Appendix B — Tools

Below are some of the tools and packages used in workflows. R and Python package “Type” is BIO for packages specifically for biological applications, and GEN for generic packages.

B.1 R

Package Type Description
bdveRse BIO A family of R packages for biodiversity data.
ecocomDP BIO Work with the Ecological Community Data Design Pattern. ‘ecocomDP’ is a flexible data model for harmonizing ecological community surveys, in a research question agnostic format, from source data published across repositories, and with methods that keep the derived data up-to-date as the underlying sources change.
EDIorg/EMLasseblyline BIO For scientists and data managers to create high quality EML metadata for dataset publication.
finch BIO Parse Darwin Core Files
iobis/obistools BIO Tools for data enhancement and quality control.
robis BIO R client for the OBIS API
ropensci/EML BIO Provides support for the serializing and parsing of all low-level EML concepts
taxize BIO Interacts with a suite of web ‘APIs’ for taxonomic tasks, such as getting database specific taxonomic identifiers, verifying species names, getting taxonomic hierarchies, fetching downstream and upstream taxonomic names, getting taxonomic synonyms, converting scientific to common names and vice versa, and more.
worrms BIO Client for World Register of Marine Species.

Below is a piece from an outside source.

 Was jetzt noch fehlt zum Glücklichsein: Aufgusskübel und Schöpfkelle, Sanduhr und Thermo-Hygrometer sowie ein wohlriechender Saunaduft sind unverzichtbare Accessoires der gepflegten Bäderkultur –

Includes functions for each of the API methods, including searching for names by name, date and common names, searching using external identifiers, fetching synonyms, as well as fetching taxonomic children and taxonomic classification.
Hmisc GEN Contains many functions useful for data analysis, high-level graphics, utility operations, functions for computing sample size and power, simulation, importing and annotating datasets, imputing missing values, advanced table making, variable clustering, character string manipulation, conversion of R objects to LaTeX and html code, and recoding variables. Particularly check out the describe() function.
lubridate GEN Functions to work with date-times and time-spans: fast and user friendly parsing of date-time data, extraction and updating of components of a date-time (years, months, days, hours, minutes, and seconds), algebraic manipulation on date-time and time-span objects.
stringr GEN Simple, Consistent Wrappers for Common String Operations
tidyverse GEN The ‘tidyverse’ is a set of packages that work in harmony because they share common data representations and ‘API’ design. This package is designed to make it easy to install and load multiple ‘tidyverse’ packages in a single step.
uuid GEN Tools for generating and handling of UUIDs (Universally Unique Identifiers).

B.2 Python

Package Type Description
metapype BIO A lightweight Python 3 library for generating EML metadata
python-dwca-reader BIO A simple Python package to read and parse Darwin Core Archive (DwC-A) files, as produced by the GBIF website, the IPT and many other biodiversity informatics tools.
pyworms BIO Python client for the World Register of Marine Species (WoRMS) REST service.
numpy GEN NumPy (Numerical Python) is an open source Python library that’s used in almost every field of science and engineering. It’s the universal standard for working with numerical data in Python, and it’s at the core of the scientific Python and PyData ecosystems.
pandas GEN pandas is a fast, powerful, flexible and easy to use open source data analysis and manipulation tool, built on top of the Python programming language. Super helpful when manipulating tabular data!
uuid GEN This module provides immutable UUID objects (class UUID) and the functions uuid1(), uuid3(), uuid4(), uuid5() for generating version 1, 3, 4, and 5 UUIDs as specified in RFC 4122. Built in – part of the Python standard library.
obis-qc BIO Quality checks on occurrence records. Checks occurrenceStatus, individualCount, eventDate, decimalLatitude, decimalLongitude, coordinateUncertaintyInMeters, minimumDepthInMeters, maximumDepthInMeters, scientificName, scientificNameID. Checks from Vandepitte et al. flags not implemented: 3, 9, 14, 15, 16, 10, 17, 21-30.
biopython BIO Biopython is a set of freely available tools for biological computation written in Python by an international team of developers. It is a distributed collaborative effort to develop Python libraries and applications which address the needs of current and future work in bioinformatics.

B.3 Google Sheets

Package Description
Google Sheet DarwinCore Archive Assistant add-on Google Sheet add-on which assists the creation of Darwin Core Archives (DwCA) and publising to Zenodo. DwCA’s are stored into user’s Google Drive and can be downloaded for upload into IPT installations or other software which is able to read DwC-archives.

B.4 Validators

Name Description
Darwin Core Archive Validator This validator verifies the structural integrity of a Darwin Core Archive. It does not check the data values, such as coordinates, dates or scientific names.
GBIF DATA VALIDATOR The GBIF data validator is a service that allows anyone with a GBIF-relevant dataset to receive a report on the syntactical correctness and the validity of the content contained within the dataset.
LifeWatch Belgium Through this interactive section of the LifeWatch.be portal users can upload their own data using a standard data format, and choose from several web services, models and applications to process the data.